Delegittimato al governo dalla propria origine, spesso umile, il tiranno
rinascimentale trova nell’arte la propria, nuova, legittimazione: «Assetato di
gloria e desideroso di trionfi e di monumenti, egli apprezza l’ingegno e se ne
giova. Col poeta e con l’erudito si sente sopra un terreno nuovo, e quasi in
possesso di una nuova legittimità»16.
La capacità di legittimarsi attraverso l’arbitrio e la capacità artistica sono,
per Nietzsche, i tratti essenziali dell’aristocratico. La figura burckhardtiana del
Gewaltherrscher fornisce il modello di un’aristocrazia della Kultur capace di un
esercizio della bellezza per il quale le masse non hanno intelligenza. Il proclama
di Ecce homo – «non parlo mai alle masse» – ha il senso di una dichiarazione
politica in quanto si richiama ad una presa di posizione estetica: è il punto, in altre
parole, in cui il grande stile si traduce in grande politica, e rende quest’ultima
comprensibile solo sulla base del primo17. A riprova di ciò, consideriamo il modo
in cui Nietzsche spiega l’origine dello Stato nella seconda dissertazione della
Genealogia della morale. Esso è il risultato di uno spaventoso atto di arbitrio,
«meccanismo stritolatore e senza scrupoli», grazie al quale una «materia grezza di
popolo e di semianimalità» viene impastata e, finalmente, «dotata di una forma».
Gli autori di questa violenza sono descritti con parole volutamente crude:
Un qualsiasi branco d’animali da preda (Raubthiere)18, una razza di
conquistatori e di padroni che, guerrescamente organizzata e con la
forza di organizzare, pianta senza esitazione i suoi terribili artigli su
16
J. Burckhardt, Die Kultur der Renaissance in Italien. Ein Versuch, in Gesammelte Werke, vol.

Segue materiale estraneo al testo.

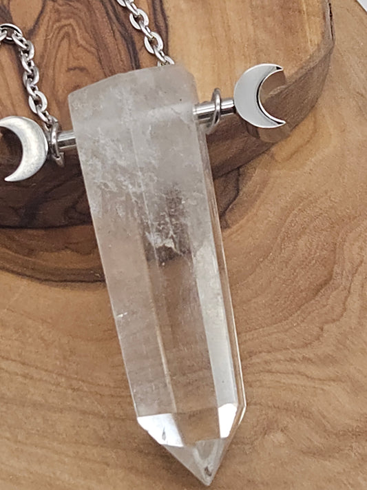 Magic Large Quartz Cristal Pendant with Chain, Brand New

III, Basel, Schwabe,1955, p. 5.
17
Così Heidegger, sebbene non sul fondamento di un’analisi prettamente politica: «Il grande stile
può essere creato soltanto con la grande politica, e la grande politica ha l’intima legge della sua
volontà nel grande stile» (Nietzsche, cit., vol. I, p. 185).
18
Il testo tedesco ha in realtà irgend ein Rudel blonder Raubthiere, e cioè: «un qualsiasi branco di
biondi animali da preda». Il passo sta dunque in analogia con la «bionda bestia germanica» della
prima dissertazione della Genealogia della morale (GM, KSA, 5, 275 e 276).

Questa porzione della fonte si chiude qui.